About this exercise
From the first line to the last, restate the data exactly, leaving out the images.

Dataset content
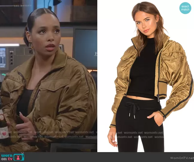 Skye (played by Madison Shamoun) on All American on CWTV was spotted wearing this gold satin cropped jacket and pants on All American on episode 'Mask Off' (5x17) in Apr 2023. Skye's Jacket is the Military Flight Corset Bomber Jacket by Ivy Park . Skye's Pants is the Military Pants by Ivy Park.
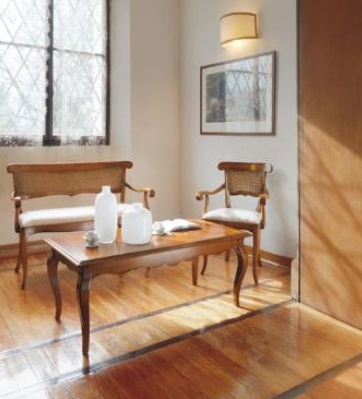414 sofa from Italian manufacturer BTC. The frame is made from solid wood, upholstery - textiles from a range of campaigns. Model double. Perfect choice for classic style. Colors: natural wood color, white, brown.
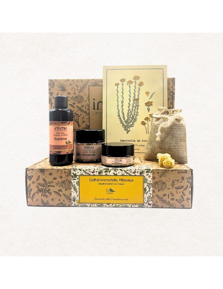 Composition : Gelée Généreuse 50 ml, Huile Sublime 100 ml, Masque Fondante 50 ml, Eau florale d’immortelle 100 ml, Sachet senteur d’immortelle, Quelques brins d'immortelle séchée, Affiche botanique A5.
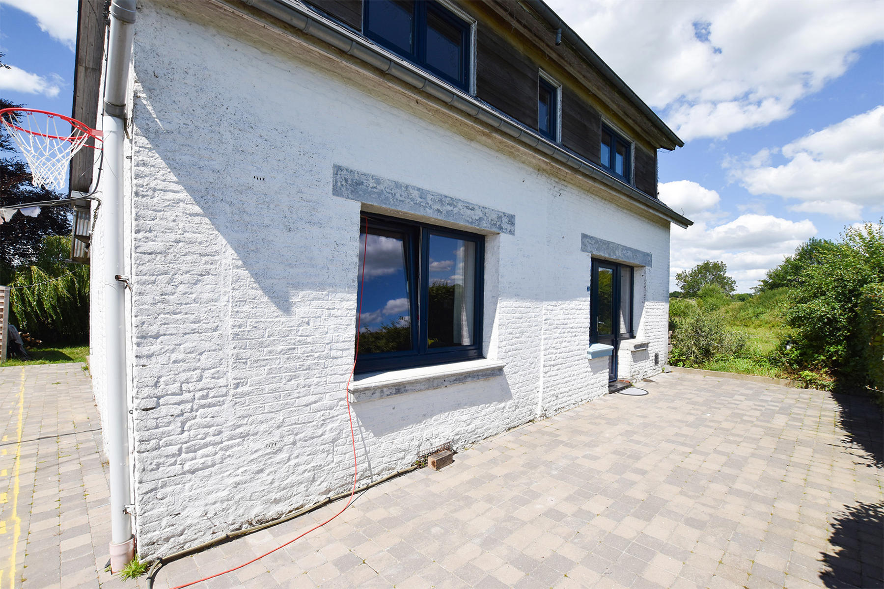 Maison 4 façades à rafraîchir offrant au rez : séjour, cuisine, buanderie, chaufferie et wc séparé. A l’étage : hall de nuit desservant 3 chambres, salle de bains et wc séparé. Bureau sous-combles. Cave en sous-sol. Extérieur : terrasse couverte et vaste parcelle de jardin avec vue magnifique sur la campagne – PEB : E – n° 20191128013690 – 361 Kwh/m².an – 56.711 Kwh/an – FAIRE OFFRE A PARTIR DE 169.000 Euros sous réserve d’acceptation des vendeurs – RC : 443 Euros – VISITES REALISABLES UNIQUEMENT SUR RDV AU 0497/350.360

Result of this exercise
 Skye (played by Madison Shamoun) on All American on CWTV was spotted wearing this gold satin cropped jacket and pants on All American on episode 'Mask Off' (5x17) in Apr 2023. Skye's Jacket is the Military Flight Corset Bomber Jacket by Ivy Park . Skye's Pants is the Military Pants by Ivy Park.
414 sofa from Italian manufacturer BTC. The frame is made from solid wood, upholstery - textiles from a range of campaigns. Model double. Perfect choice for classic style. Colors: natural wood color, white, brown.
 Composition : Gelée Généreuse 50 ml, Huile Sublime 100 ml, Masque Fondante 50 ml, Eau florale d’immortelle 100 ml, Sachet senteur d’immortelle, Quelques brins d'immortelle séchée, Affiche botanique A5.
 Maison 4 façades à rafraîchir offrant au rez : séjour, cuisine, buanderie, chaufferie et wc séparé. A l’étage : hall de nuit desservant 3 chambres, salle de bains et wc séparé. Bureau sous-combles. Cave en sous-sol. Extérieur : terrasse couverte et vaste parcelle de jardin avec vue magnifique sur la campagne – PEB : E – n° 20191128013690 – 361 Kwh/m².an – 56.711 Kwh/an – FAIRE OFFRE A PARTIR DE 169.000 Euros sous réserve d’acceptation des vendeurs – RC : 443 Euros – VISITES REALISABLES UNIQUEMENT SUR RDV AU 0497/350.360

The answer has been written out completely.